Todos los sentidos del cuerpo se activaban durante esta procesión, pues se estaba expuesto al sonido de los de los latigazos y el llanto de los flagelantes, la visión de la carne lacerada, el olor a sangre, el dolor de la flagelación, el sabor de las lágrimas que corrían por el rostro. Gestos, experiencia sensorial y emociones se entrelazaban tanto en el plano espiritual como en el social.

La conmoción provocada por los cofrades de sangre ayudaba a los fieles a vivir el vía crucis de Jesús en “tiempo real”. Participaban en los sufrimientos de Cristo mientras caminaba dolorosamente hacia su muerte en el Gólgota y, por tanto, hacia la redención de la humanidad. Muerte conmemorada y muerte ritualizada se imbricaban en una performatividad con claros fines salvíficos y redentores.

A partir del siglo XVII las transformaciones del entramado físico de Sevilla y las políticas culturales más amplias del concejo influyeron en las actitudes de sus cofradías hacia la ceremonia y el espectáculo. Está claro que el Barroco modificó la dialéctica de teatralidad y profunda interioridad de la procesión de disciplina, sin que sepamos hasta qué punto las juntas de gobierno de las cofradías se inspiraron en las procesiones cívicas a la hora de codificar sus procesiones. Quizás tentadas por la experiencia visual y sensorial que generaban formalizaron la procesión de disciplina cambiando la práctica y el sentimiento. Las nuevas normas que restringían la libertad y espontaneidad durante los rituales también moderaron el fervor penitencial, a partir de una liturgia que controlaba y disciplinaba los impulsos de los cofrades de sangre y de sus espectadores. Con ello se disipó el fervor que había hecho tan atractiva la flagelación voluntaria.

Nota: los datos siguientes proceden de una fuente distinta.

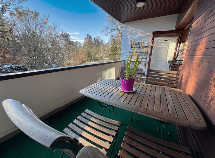 Im Obergeschoss erwartet Sie ein großzügiges Wohnzimmer von 54 m², das mit einem fantastischen Blick in die Natur begeistert. Angrenzend an das Wohnzimmer befindet sich die Küche. Weiterhin finden Sie hier ein Schlafzimmer mit eigenem Bad en suite sowie eine großzügige Loggia, auf der Sie ruhige Stunden genießen können.

La performatividad medieval fue sustituida por otra barroca que obedecía a unos esquemas y pautas muy diferentes. Todo lo relativo a los participantes pasaba a un segundo lugar, en favor de las imágenes y los elementos materiales presentes en la procesión. La riqueza y la suntuosidad acabaron imponiéndose sobre las emociones que la experiencia de la disciplina generaba entre los cofrades de sangre y quienes contemplaban sus sufrimientos en busca de la redención, el perdón y la salvación en el más allá.

Desde entonces, y espacialmente en nuestros días, mucho ha cambiado el sentido de las procesiones. A todos ustedes, participantes y espectadores, les pido respeto y conciencia plena de lo que estamos celebrando. Si piensan en los orígenes les resultará fácil entender el por qué.